Miok V, Wilting SM, van de Wiel MA, Jaspers A, van Noort PI, Brakenhoff RH, Snijders PJ, Steenbergen RD, van Wieringen WN - BMC Bioinformatics (2014)

Bottom Line: In addition, to make estimates of the DNA copy number more stable, model parameters are also estimated in a multivariate way using triplets of features, imposing a spatial prior for the copy number effect.With the proposed method for analysis of time-course multilevel molecular data, more profound insight may be gained through the identification of temporal differential expression induced by DNA copy number abnormalities.Furthermore, the proposed method yields improvements in sensitivity, specificity and reproducibility compared to existing methods.

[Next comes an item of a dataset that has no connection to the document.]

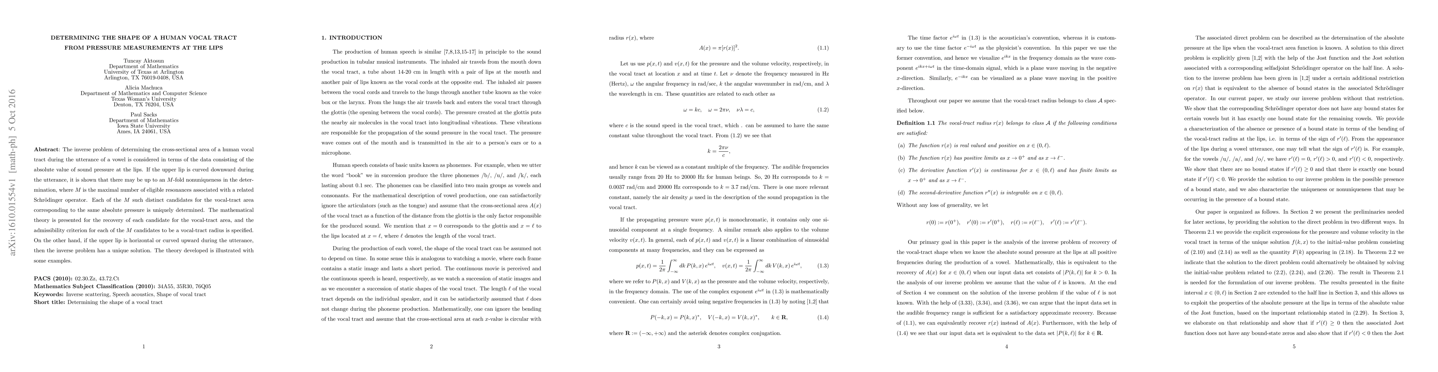 The inverse problem of determining the cross-sectional area of a human vocal tract during the utterance of a vowel is considered in terms of the data consisting of the absolute value of sound pressure at the lips. If the upper lip is curved downward during the utterance, it is shown that there may be up to an $M$-fold nonuniqueness in the determination, where $M$ is the maximal number of eligible resonances associated with a related Schr\"odinger operator. Each of the $M$ such distinct candidates for the vocal-tract area corresponding to the same absolute pressure is uniquely determined. The mathematical theory is presented for the recovery of each candidate for the vocal-tract area, and the admissibility criterion for each of the $M$ candidates to be a vocal-tract radius is specified. On the other hand, if the upper lip is horizontal or curved upward during the utterance, then the inverse problem has a unique solution. The theory developed is illustrated with some examples.

View Article: PubMed Central - PubMed

Affiliation: Department of Epidemiology and Biostatistics, VU University Medical Center, P,O, Box 7057, 1007 MB, Amsterdam, The Netherlands. w.vanwieringen@vumc.nl.

ABSTRACT

Background: To determine which changes in the host cell genome are crucial for cervical carcinogenesis, a longitudinal in vitro model system of HPV-transformed keratinocytes was profiled in a genome-wide manner. Four cell lines affected with either HPV16 or HPV18 were assayed at 8 sequential time points for gene expression (mRNA) and gene copy number (DNA) using high-resolution microarrays. Available methods for temporal differential expression analysis are not designed for integrative genomic studies.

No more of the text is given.